Журнальный зал

Русский
толстый журнал как эстетический феномен

Опубликовано в журнале: Критическая Масса 2005, 3-4

Памяти Бориса Кудрякова

ЧЕЛОВЕК-ГОРА

Писать о Борисе Кудрякове (Гран-Борисе) у м е р рука не поднимается. С течением времени (сорок лет знакомства) он мне представлялся скорее не биологической, а мифологической сущностью. Порождением каких-то нездешних грамматик. Поэтому у м е р в этом контексте приобретает удельный вес ницшеанского толка.

Сам он касаться этой темы не любил, но однажды сравнил данную процедуру с пересадкой на другой поезд, а незадолго до болезни сказал, что “безноску” встретит с улыбкой, по-свойски.

“Поднятие тяжести” началось в недрах Боровой улицы, одной из самых пролетарских в Питере, в 1946 году. Он вырос в простой семье, мать всю жизнь проработала на ткацкой фабрике, а выйдя на пенсию, стала служить в гардеробе. Бабушка дожила чуть ли не до ста лет и последние годы проводила за разбиранием мулине на подоконнике. В графе “отец” стоял прочерк, он был репрессирован в конце 1940-х. (Когда началась повальная эмиграция в Израиль, Б. К. стал утверждать, что прочерк — семит и на этом зыбком основании хотел свалить за кордон. Но мать, узнав об эскапистских намерениях сына, пришла в ОВИР на Желябова и опровергла декларируемую этническую принадлежность прочерка.) Уже после окончания фотоучилища и службы в армии (три года, стройбат, Монголия) он в 1968 году появился на Малой Садовой (благодаря однокашнику по этому училищу, моему двоюродному брату, писателю А. Нику).
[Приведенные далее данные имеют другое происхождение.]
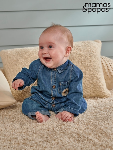 Mamas & Papas Denim Boilersuit With Woven Badge
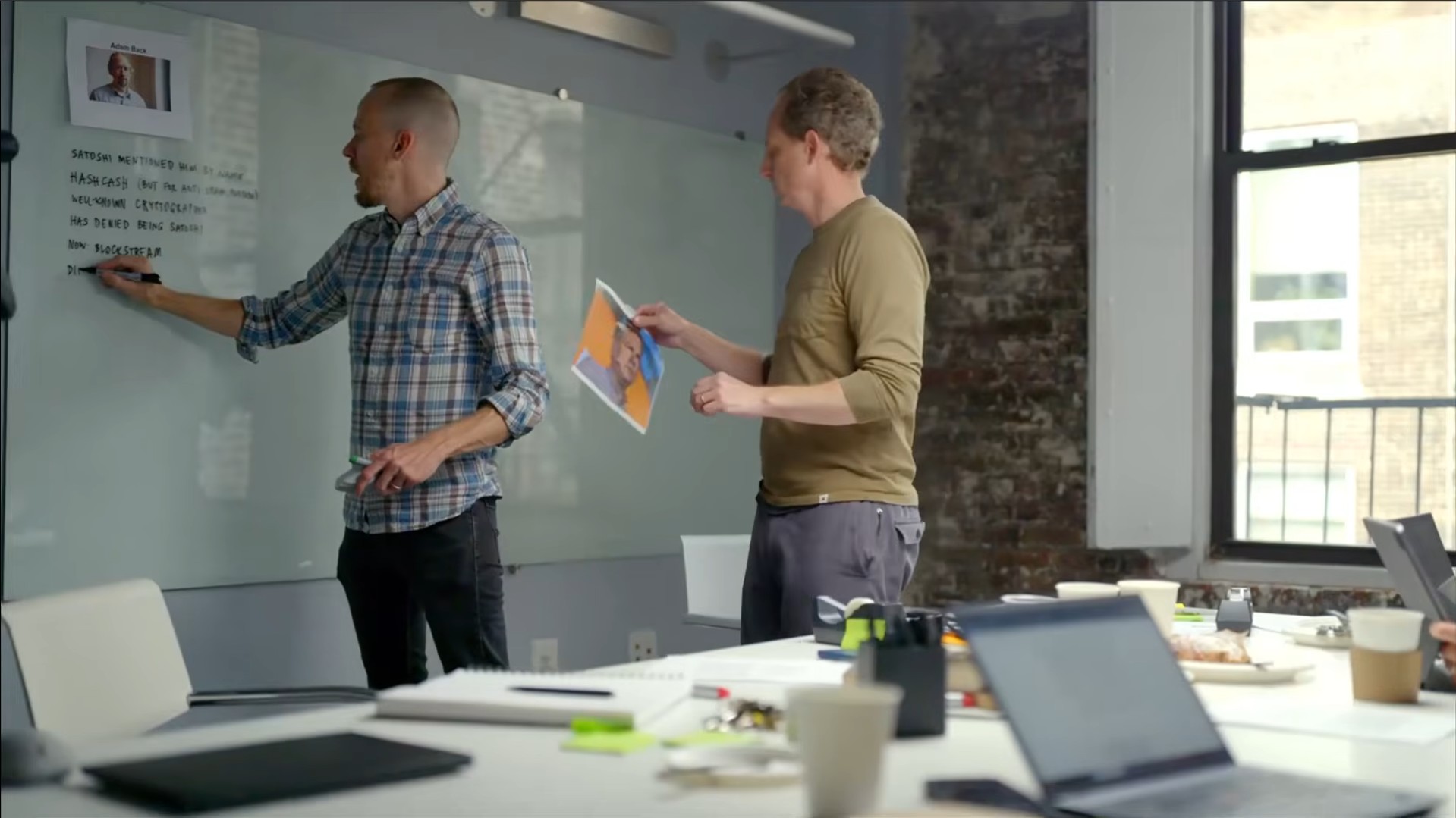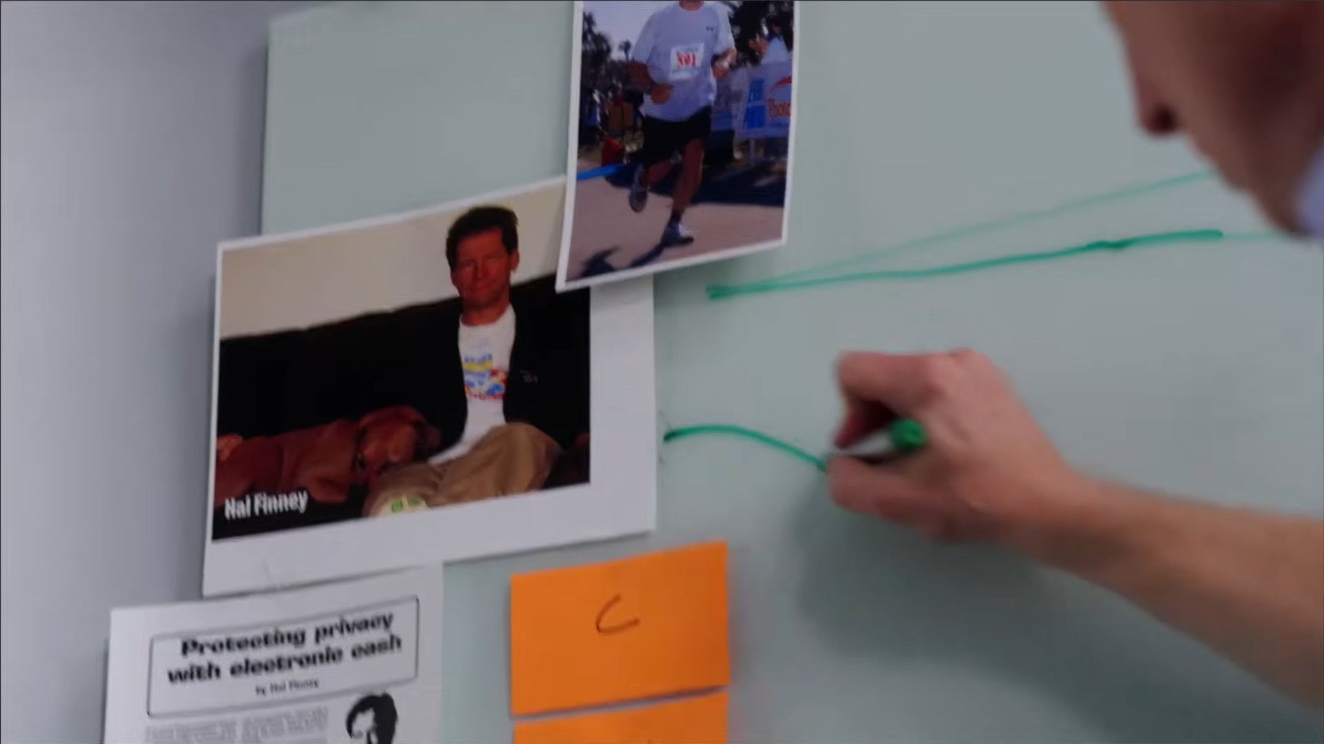 Dentre os nomes que aparecem em um quadro estão Hal Finney, criador do RPOW (Reusable Proofs of Work), e Adam Back, criador do Hashcash. Os dois sistemas são considerados pilares que deram vida ao Bitcoin.
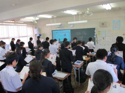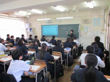 同じく11月8日(金)公開授業の様子です。英語「Daily Scene5道案内」の中で、「乗り物での行き方をたずねる・教える」がテーマになっています。生徒たちは、音読活動やペアワーク等に、積極的に参加しました。

Поначалу будущий автор “Ладьи темных странствий” скептически отзывался о литературе и утверждал, что она ему “не ндравится”, что его интересует только фотография. Но постепенно знакомство с такими персонами, как Константин Константинович Кузьминский (ККК), Владимир Эрль (В. Э.) и другие изменило его взгляды на искусство столь кардинально, что он начал не только запойно читать запрещенные книги (быстро перестав говорить “пинжак” и “польта”), но и сам стал писать прозу и стихи. Один из первых его опусов того периода “Песня над озером” настолько пришелся по душе В. Э., что он напечатал его в эстетике своего машинописного канона. Стихотворением 1969 года, где лирический герой собирался навестить “больную бледнолицую инфанту”, помнится, восхищался ККК. По его мнению, неискушенный автор упоенно перебирал там слова из нового для себя лексикона, как ребенок яркие цветные стекляшки.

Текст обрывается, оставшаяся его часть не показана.